Michael McBride

In manufacturing, overtime is problematic. It is typically used to cover short term gaps in manpower and training. It usually covers the gap created between production expansion, hiring to the increased demand, and completion of skills training for the new hires. Often the duration of the overtime is calculable, and its negative effects limited.

It is problematic nonetheless. Labor costs rise by a factor of up to, or over, fifty per cent. Workers can become fatigued and their individual productivity may diminish. During extended periods demanding overtime, this often results in the combined negative impact of both higher labor costs and lower productivity. Eventually, costs outstrip margins, and overtime may not be solving the gaps in labor.
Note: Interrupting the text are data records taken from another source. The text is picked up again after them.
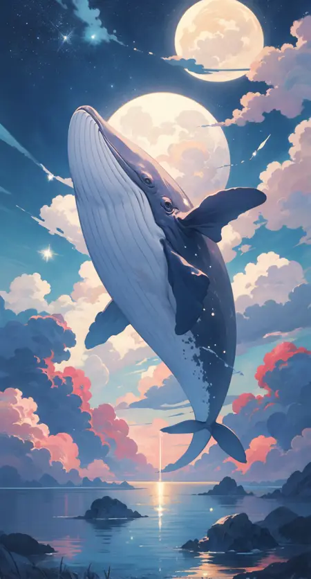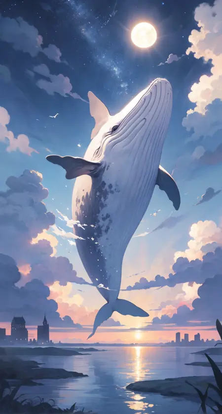 이 모델은 하늘을 나는 고래의 배경을 생성할 수 있습니다. 프롬프트를 변경하면 도시 및 다른 풍경을 아래에 생성할 수 있으며, 가중치를 통해 조정할 수 있습니다.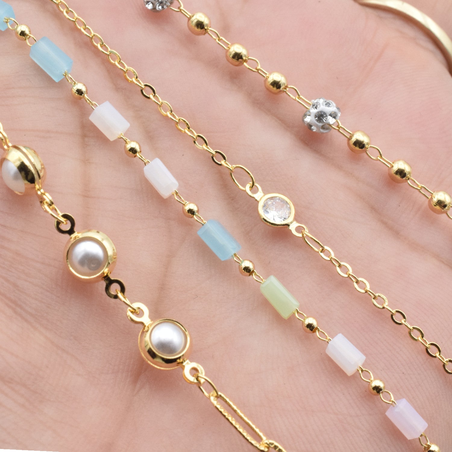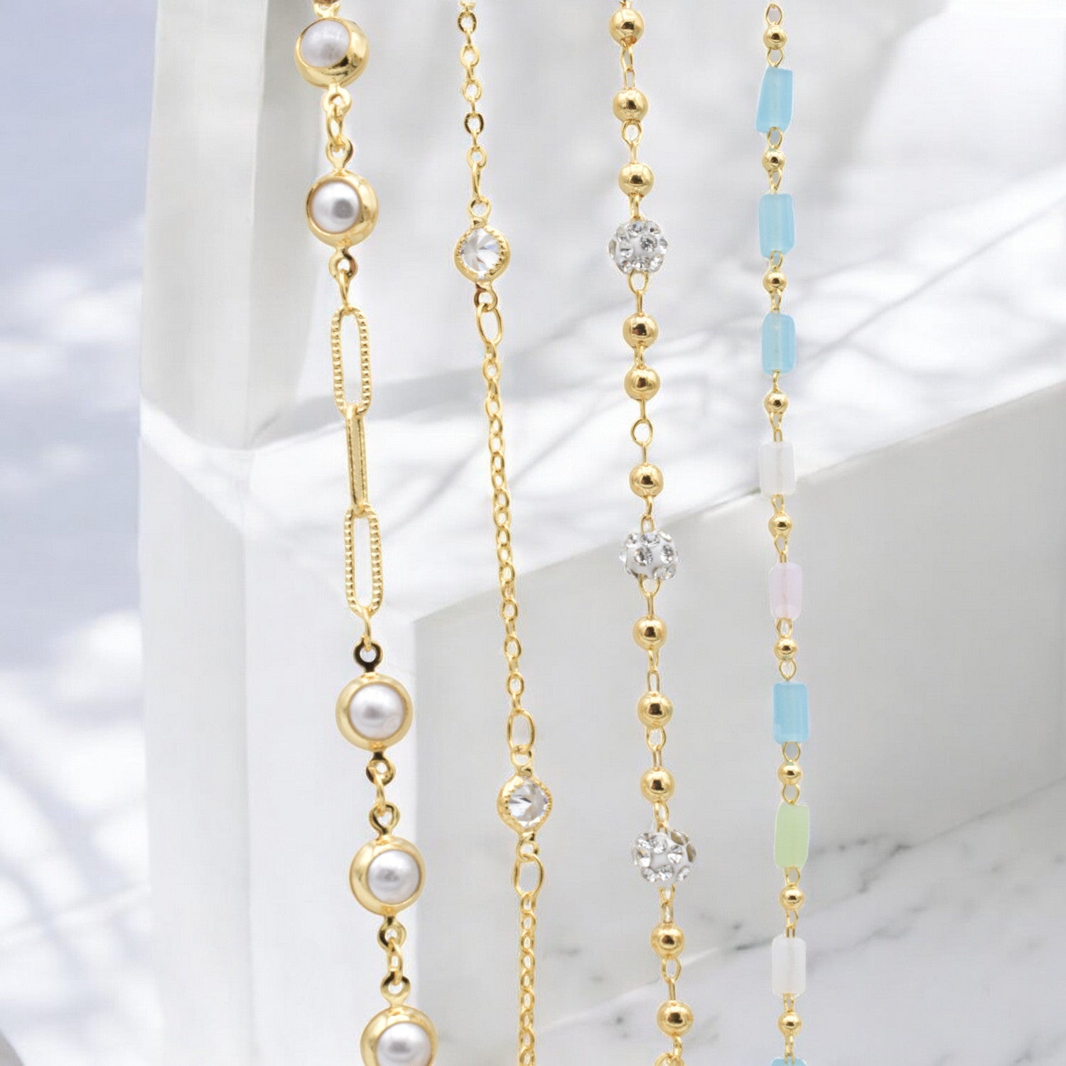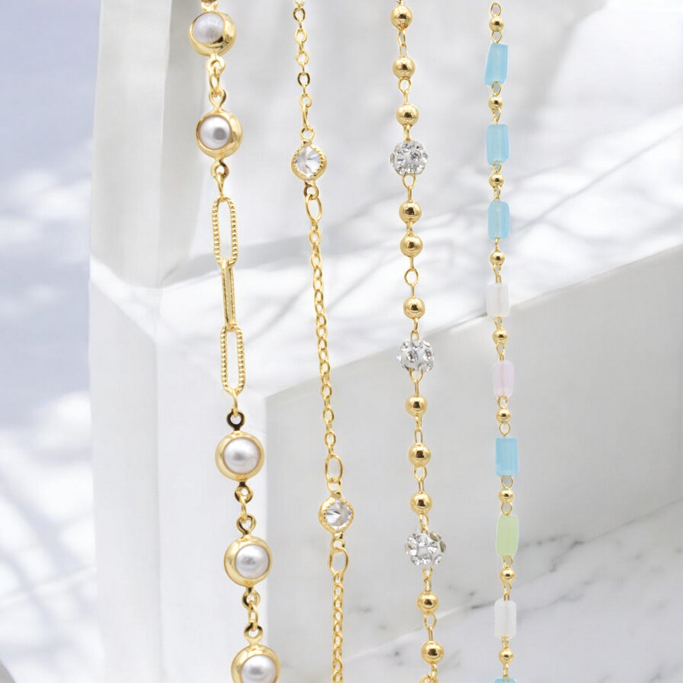 "Set of four gold delicate bracelets with pearls, colorful beads, and crystals on light background"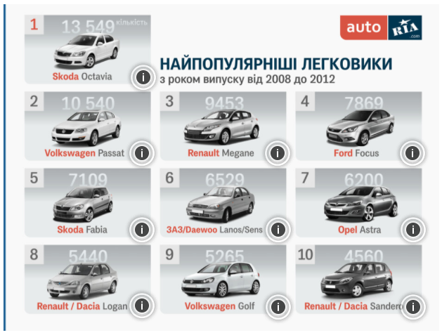 До слова, жоден із ВАЗів до рейтингу не потрапив на слайди, хоча зазвичай в оглядах "вторинки" декілька модель таки з'являються.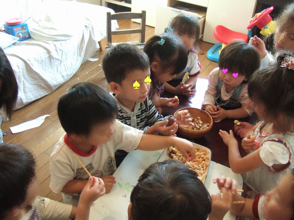 おやつ争奪戦 お友達 2009.10.21(水) 幼稚園が終わってからお友達のお家に遊びに行きました。6家族が集まり子供13人、大人6人、計19人です。1歳児から小学校1年生まで勢ぞろいでした。おやつの争奪戦では、《いぬ》は身を乗り出して必死になっていました。お兄ちゃん達に負けていません!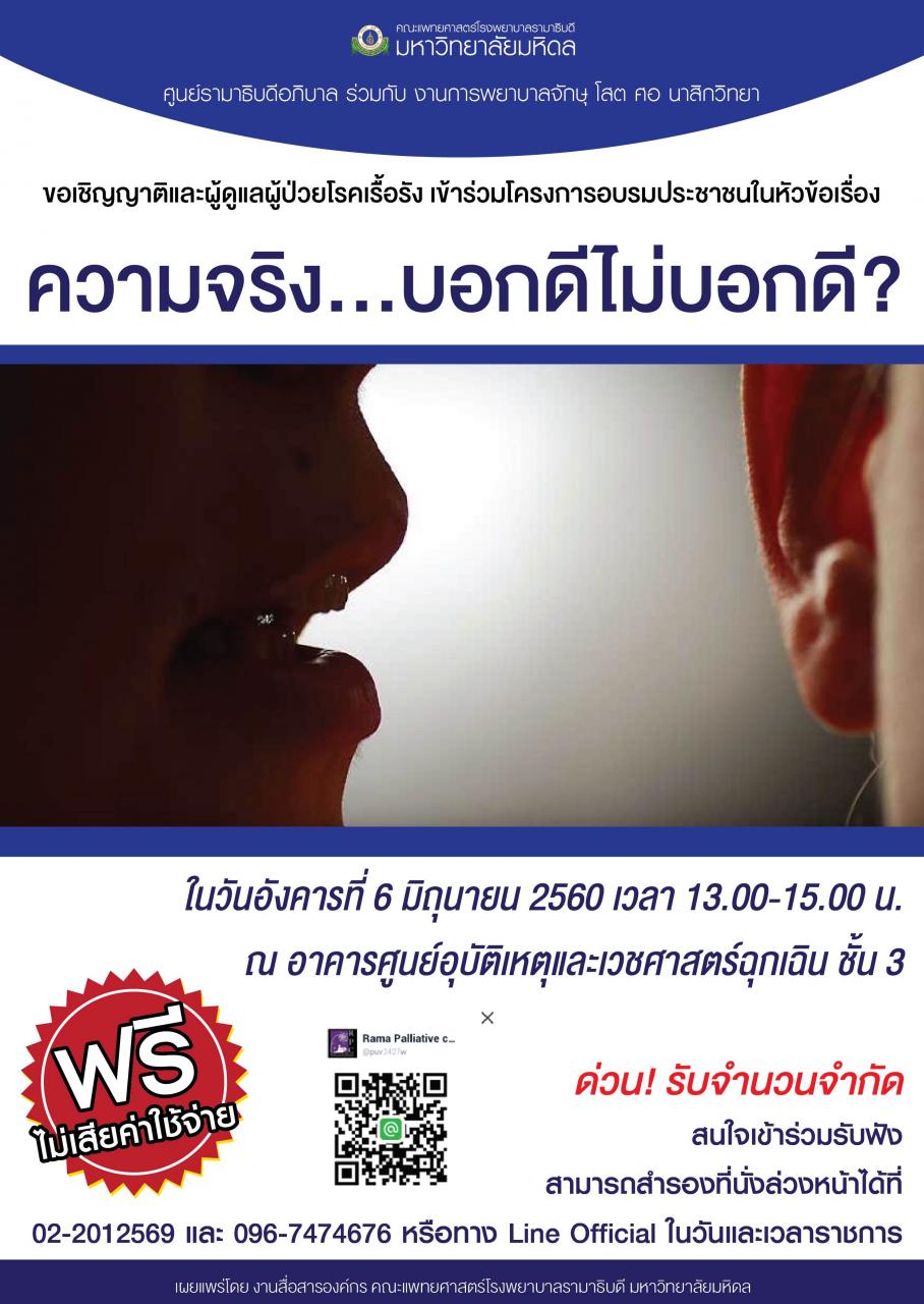 ศูนย์รามาธิบดีอภิบาล ร่วมกับ งานการพยาบาลจักษุ โสต ศอ นาสิกวิทยา ขอเชิญญาติและผู้ดูแลผู้ป่วยโรคเรื้อรัง เข้าร่วมโครงการอบรมประชาชน ในหัวข้อเรื่อง " ความจริง.... บอกดีไม่บอกดี? " ในวันอังคารที่ 6 มิถุนายน 2560 ณ ศูนย์อุบัติเหตุฯ ชั้น 3 เวลา 13.00 - 15.00 น.ผู้สนใจสามารถสำรองที่นั่งล่วงหน้าได้ที่ 02-2012569 ในวันและเวลาราชการ ด่วน! รับจำนวนจำกัด

Compounding the business costs are the human costs. Aside from fatigue and weariness, workers' morale can suffer immeasurably from a perceived lack of management concern, manifested by the lack of management driven, long-term solutions. Soon the extra monies earned by overtime are viewed as uneven when compared to the sacrifices made in terms of reduced time off, increased productivity loads, fatigue, and the general loss of control of one's schedule.

Eventually demanding more, produces less.
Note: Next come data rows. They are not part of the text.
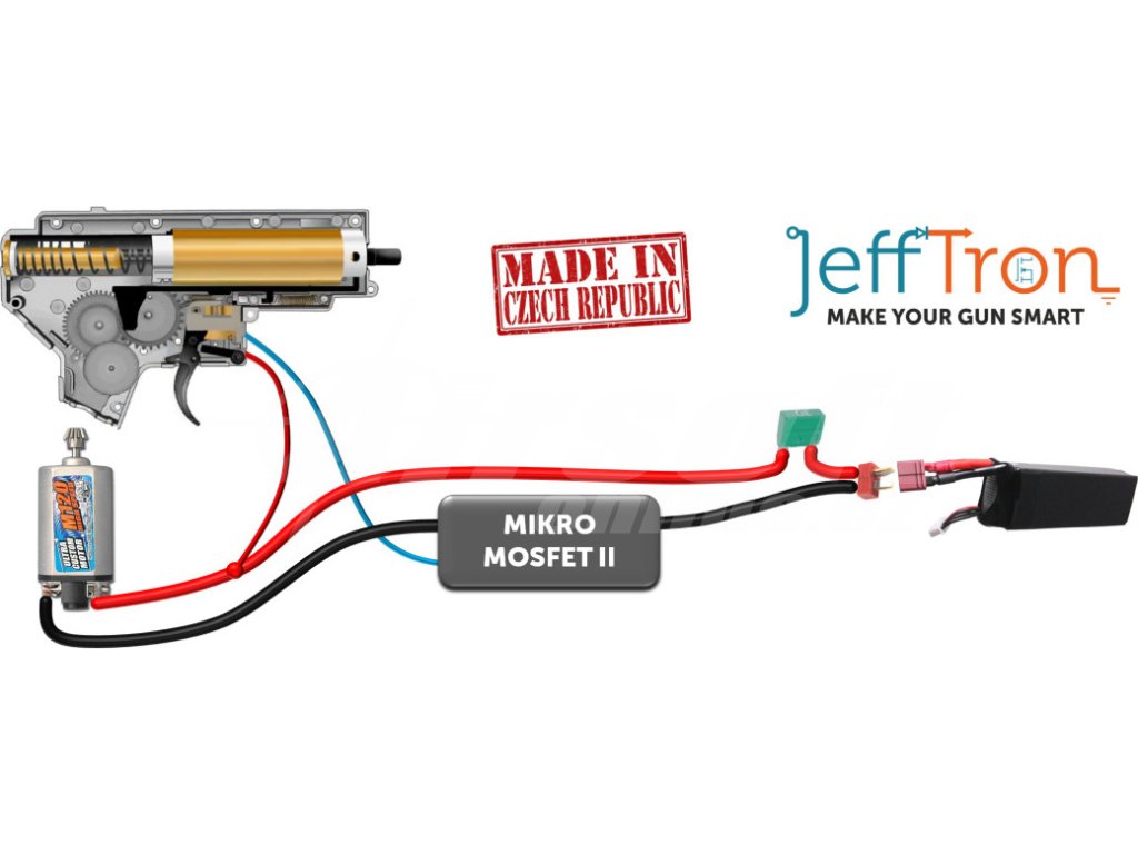 - Pokud chcete použít vlastní vodiče, zvolte variantu bez kabelážeUrčeno pro pružiny do m160 (odpovídá proudu 75A při jednotlivém výstřelu nebo 25A střelby dávkou po dobu max. 30s). Pro vyšší zatížení zvolte Mosfet II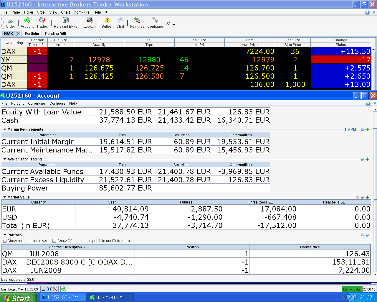 en el contrato del petróleo cambié el vencimiento de junio por el de julio, esta vez solo pierdo 0,20 $. Y además, es la primera vez que lo hago, he vendido una Opcion del DAX, 1 CALL 8000 Diciembre 2008 a 122 EUR, los 600 EUR que he recibido ya los retiré de la cuenta, son para gastármelos en cubalibres en las fiestas del verano que ya empiezan este mes.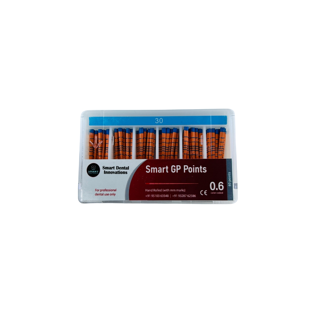 Smart GP Point is a gutta-percha (GP) point — a dental obturation material used for filling (sealing) cleaned root canals after endodontic treatment. The points are hand-rolled, colour-coded and length-marked for easy identification and accurate depth measurement.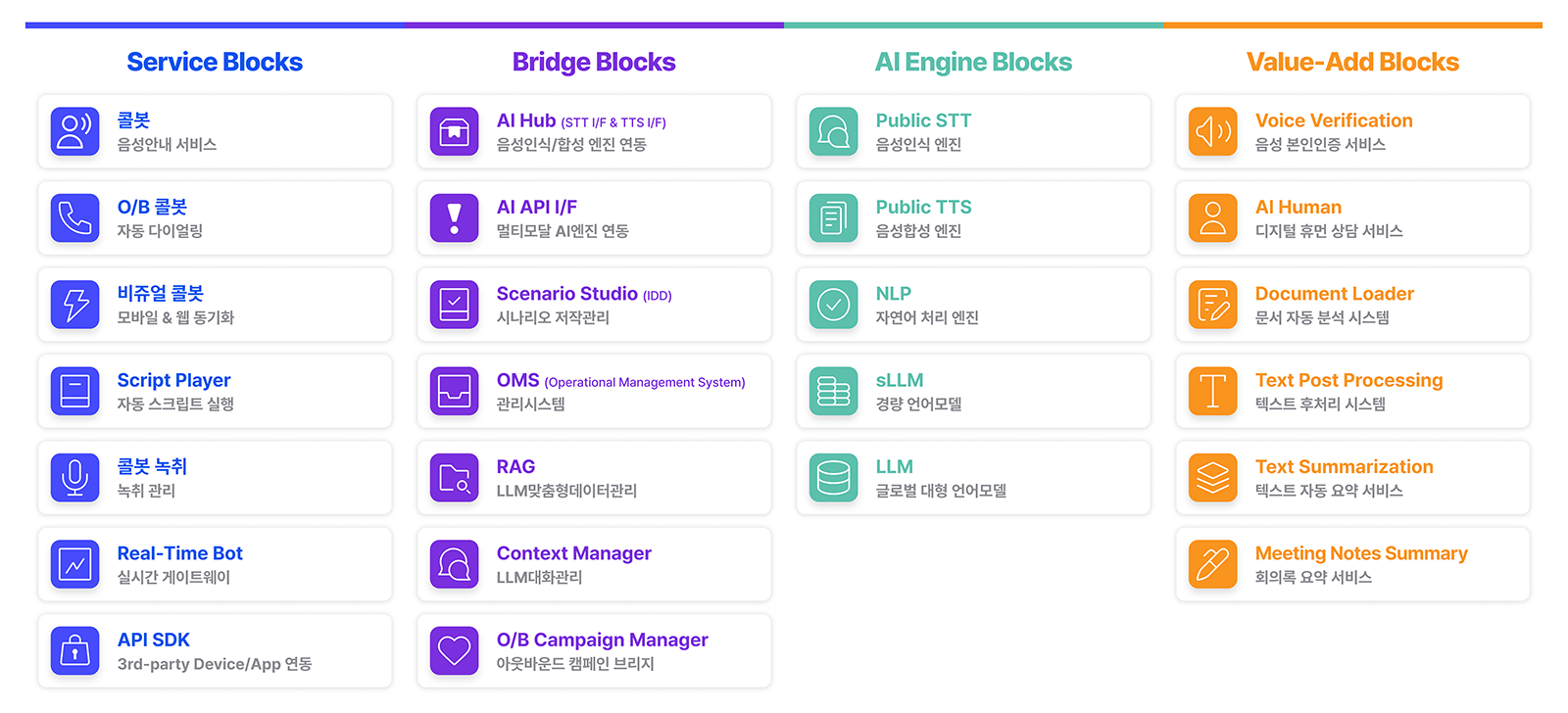 고객 접점부터 차별화된 서비스 제공에 이르기까지, Service Blocks, Bridge Blocks, AI Engine Blocks, Value-Add Block에서 제공하는 여러 Block들을 마치 레고 블럭처럼 자유롭게 선택하고 조합할 수 있도록 설계되었습니다.

As is will be with today's announcement by the Army that they will be extending tours of duty in Iraq and Afghanistan.

Army leadership is failing to manage its part of the war, as today's announcement, coupled with rocketing re-enlistment costs, highlight. It is the abject responsibility of Pentagon leaders to develop an overall strategy for manning their service in such a way that promotes not only accomplishing the near-term mission, but the sustaining of that mission over time.

It has been clear for a while that our presence in Iraq would be required well out into the future. Our Commander-in-Chief has repeatedly reemphasized our commitment to the mission and to the people of Iraq. Manning the Army with re-enlistment bonuses and gross tour extensions, hints that Army leadership either never grasped this concept, or if they did, were derelict by not implementing long-term corrective actions…the types of corrective actions that would fairly rotate our troops into the combat zones and with adequate rest and recuperative time between tours.